Are Alternative Investments Suitable Assets for Long-Term Insurance Liabilities and Pension Funds? GBV In-Depth Article
GBV magazine publishes this 14-page, in-depth article which discusses alternative investments and their suitability for life insurance in general and pension liabilities in particular. By and large, alternative investments are investments in assets other than equities, bonds and cash. They include real estate, commodities such as oil, cocoa and gold, capital goods such as ships and aircraft, and even more exotic categories: hedge funds, private equity, project finance, venture capital, art, movies and many more.

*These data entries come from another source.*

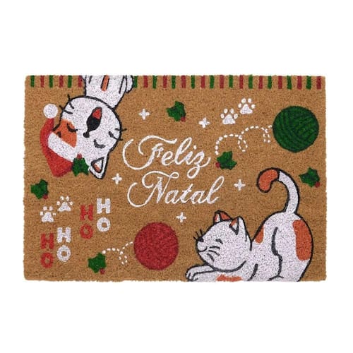 Tapete capacho feliz natal 60x40cm gatos mabruk medidas aproximadas: 60x40x1,5cm composição:fibra de coco contém: 1 unidade atenção: imagem meramente ilustrativa. Pode ocorrer mudanças no tom da cor para o produto real ou mudanças na embalagem sem aviso prévio por parte do fornecedor/fabricante.
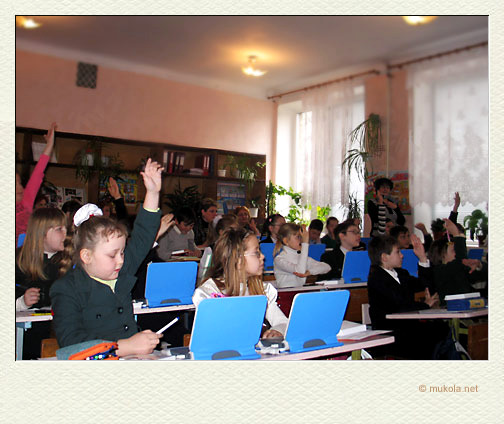 Были ловушки и в другом задании (исправить ошибки в небольшом тексте, «написанном» Буратино), но именно оно в полной мере продемонстрировало гостям из Херсона, каким образом построена работа с нет-буками. Ребята по подсказкам Ирины Будняк сначала подключились к сети (в любой точке этой школы – зона Wi-Fi), затем учитель сбросила им по сети требующий правки текст. А после выполнения задания (об этом «говорила» поднятая рука ученика) проверила на своем ноут-буке сделанную работу.
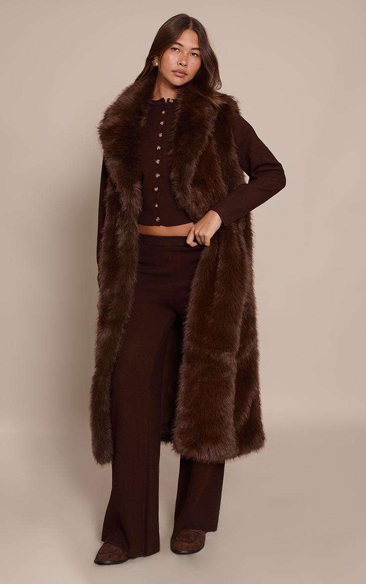 Layer up in style with this chocolate faux fur maxi vest. Brought to you in a chocolate faux fur material with a maxi length fit for ultimate cosy look. Wear over knitwear and knsome comfy sneakers to complete the look.Length approx 134.5cm/53inch (Based on sample size S)Model wears size SModel Height - 5ft 9inchp]:!mb-4inch>Category: OuterwearProduct type: VestColor: ChocolateMaterial: Faux FurOccasion: Day

Long derided as carrying excessive risk and inferior transparency, alternative investments today may result not only in superior returns, but also in a better match between the assets and activities being invested in and the needs and wants of insurance beneficiaries, especially current and future pensioners. As returns from traditional asset classes have plunged, alternative assets and innovative strategies ought to be considered to boost investment returns. In addition, the regulatory framework of hedge funds has recently changed quite substantially and is now arguably more stringent than highly regulated mutual funds for the retail market. Finally, socially responsible private equity and private credit investments, both relatively new classes of alternative investments, potentially could provide pension funds with opportunities matching both their long-term nature and the increasingly socially responsible mindset of trustees and beneficiaries.